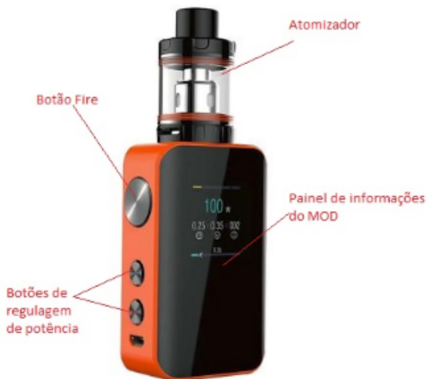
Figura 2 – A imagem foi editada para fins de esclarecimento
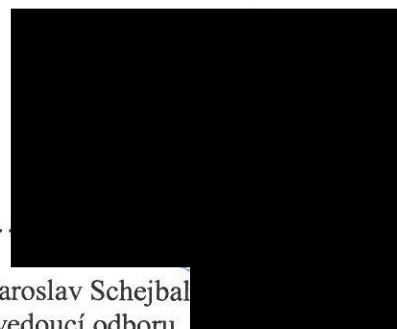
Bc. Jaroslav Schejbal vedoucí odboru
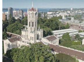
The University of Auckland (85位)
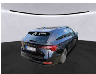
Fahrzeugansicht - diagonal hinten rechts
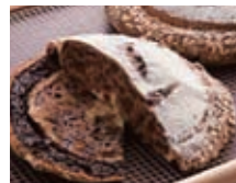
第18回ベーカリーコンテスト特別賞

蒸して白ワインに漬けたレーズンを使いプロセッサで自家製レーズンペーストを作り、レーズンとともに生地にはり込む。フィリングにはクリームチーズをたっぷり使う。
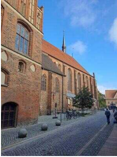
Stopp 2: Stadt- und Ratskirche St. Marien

...

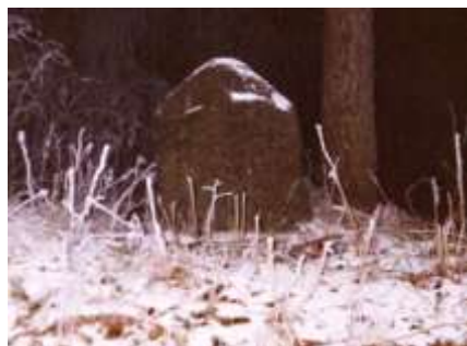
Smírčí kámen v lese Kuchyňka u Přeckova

---

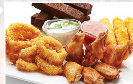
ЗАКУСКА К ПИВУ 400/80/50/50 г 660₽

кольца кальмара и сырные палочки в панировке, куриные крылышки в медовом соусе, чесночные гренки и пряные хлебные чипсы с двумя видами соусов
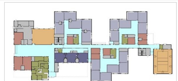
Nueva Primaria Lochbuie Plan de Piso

> [Your assignment] Transcribe the listing above exactly, but only from the line with "Fahrzeugansicht - diagonal hinten rechts" through the line with "Stopp 2: Stadt- und Ratskirche St. Marien". Include both of those lines and omit the pictures.

> [Solution to the problem]
Fahrzeugansicht - diagonal hinten rechts
第18回ベーカリーコンテスト特別賞

蒸して白ワインに漬けたレーズンを使いプロセッサで自家製レーズンペーストを作り、レーズンとともに生地にはり込む。フィリングにはクリームチーズをたっぷり使う。
Stopp 2: Stadt- und Ratskirche St. Marien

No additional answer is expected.